Pope John Paul II cracked down on the “liberation theology” crowd in the 1980s, and Pope Benedict XVI has continued John Paul’s policies in that regard. But, it takes a while to “clean out the stables,” and that continues to be a work in progress.

Nonetheless, the leadership of the Catholic Church in Latin America is an important ally in building a constructive alternative to the anti-religious, leftist political forces which have become so powerful south of our border.

In addition, we need to encourage the continued development and education of young scholars in Latin America grounded in the principles of ordered liberty and protection of private property rights.

We also need to address the out of control illicit drug trade by simultaneously expanding our support for President Calderon’s valiant effort to go after the drug cartels while initiating a new campaign here at home addressing the demand side of the problem modeled on the successful “Just Say No to Drugs” program led by Mrs.

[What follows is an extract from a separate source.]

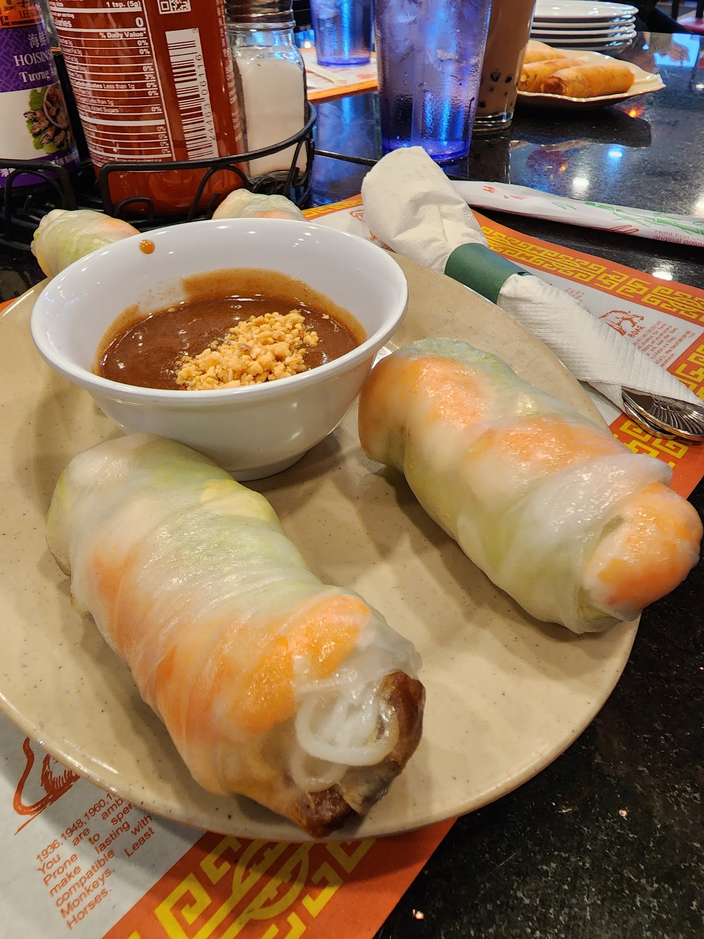 The only other issue is a supply issue. My wife loves their tofu spring rolls, but they are apparently unable to get tofu for some time now. I hope they get it resolved someday.

Nancy Reagan in the early 1980s.

Finally, we need a government led by conservatives determined to improve our relationship with our neighbors to the South and support those forces for the good – those economic and social conservatives in Latin America who are kindred spirits -- with the personal and political courage to stand up to the Leftist thugs like Hugo Chavez who are working so feverishly to take away the freedom of the average citizen in Latin America. 

Tom Pauken is Chairman of the Texas Workforce Commission. He served as Director of Action, an independent federal agency, during the Reagan Administration.